修煉之人,往往不把喜怒哀樂露於臉面,可是上官家族這位,卻顯然忘了這一點。
“你難道忘了,今天是嫁人的時間!大婚之日,失蹤十幾天,你!你!你!”二長老上官元成雙眸瞪得滾圓,坐在客廳一旁的第一個座位,十幾張椅子上,分別坐着上官家族諸位長老以及管事。
“你是不是覺得,你父親是家主,你就可以爲所欲爲,想做什麼就做什麼了,太不像話了!”
“大婚之前出逃,你讓別人怎麼想?你知道外面怎麼說麼?說你上官凌舞被男人拐跑了!大婚之前被人拐跑了,這話現在已經傳開了!你讓我這老臉往哪放?你讓整個家族的臉,往哪放!難道讓別人說我上官家族的子女不懂婦道麼!”似乎越說越是氣憤,上官元成不知何時站了起來,右手單指上官凌舞,“說,是怎麼回事!”

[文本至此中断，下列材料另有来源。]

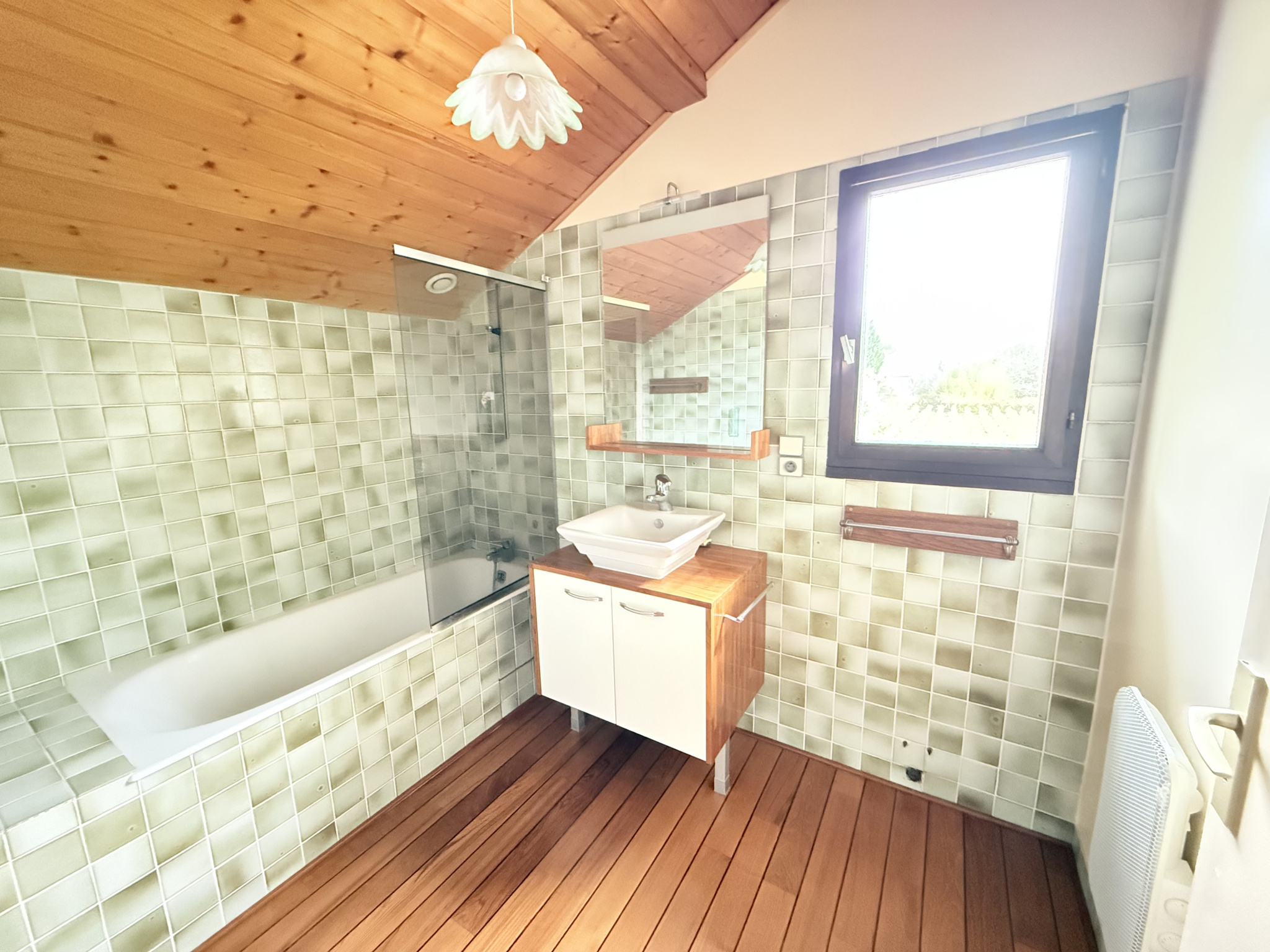 Prestations de qualité avec un chauffage au sol et une chaudière au gaz de ville neuve, une WMC double flux, et des panneaux solaires photovoltaïques récents générant un rendement d'environ 1800€/an.

“二長老。”上官凌舞的眼淚嘩嘩流下,讓一個女孩子聽這些不堪入耳的話,實在是一種折磨,抽泣之時,門外傳來了讓上官凌舞熟悉的聲音,扭過頭去看,可不就是上官青衣,只見他緩緩地走了進來,從繃緊的臉上可以看出,剛纔二長老說的話,他都聽見了,“二長老,你覺得你剛纔說的話合適麼?就算凌舞這孩子有錯,但她畢竟是個孩子。”
“就單單是離家出走,就說是被男人拐跑,你這不僅僅是侮辱我的女兒,也是在打我的臉!”說到最後,上官青衣的語氣加重了幾分。

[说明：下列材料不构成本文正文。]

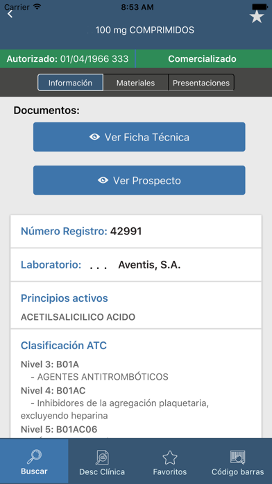 Entre otros muchos datos, y como documentos más importantes por recoger las condiciones de uso autorizadas de los medicamentos, la aplicación ofrece acceso a la ficha técnica (o resumen de las características del producto) y los prospectos.

“哼!”二長老撇了撇嘴,不屑的說道:“怎麼?自己女兒做的好事,還怕人說麼?”
“你!”剛要說什麼,上官青衣突然察覺到一絲不對,今天的氣氛明顯不對,換做平常,就算是凌舞離家出走,也不應該是這樣,除了二長老之外,其他的差不多要麼是微眯着眼,要麼就是低着頭不說話。
“我什麼我?上官青衣,你雖然是上官家族的家主,但也只是暫時的!”二長老眼中綻放出萬丈光芒,眼前似乎浮現出幾年前他的兒子和上官青衣爭奪…
“今天的事情,是長老閣商量決定的,就算是你,也沒有權利說什麼!今天我必須說說這孩子,有今天這幅局面,就是因爲你嬌慣的了!”
“可是再過兩個時辰就是大婚吉辰了,既然凌舞已經回來了,等今日過後在說。”上官家族有祖訓,長老閣決定的事情,就算是家主,也必須考慮再三。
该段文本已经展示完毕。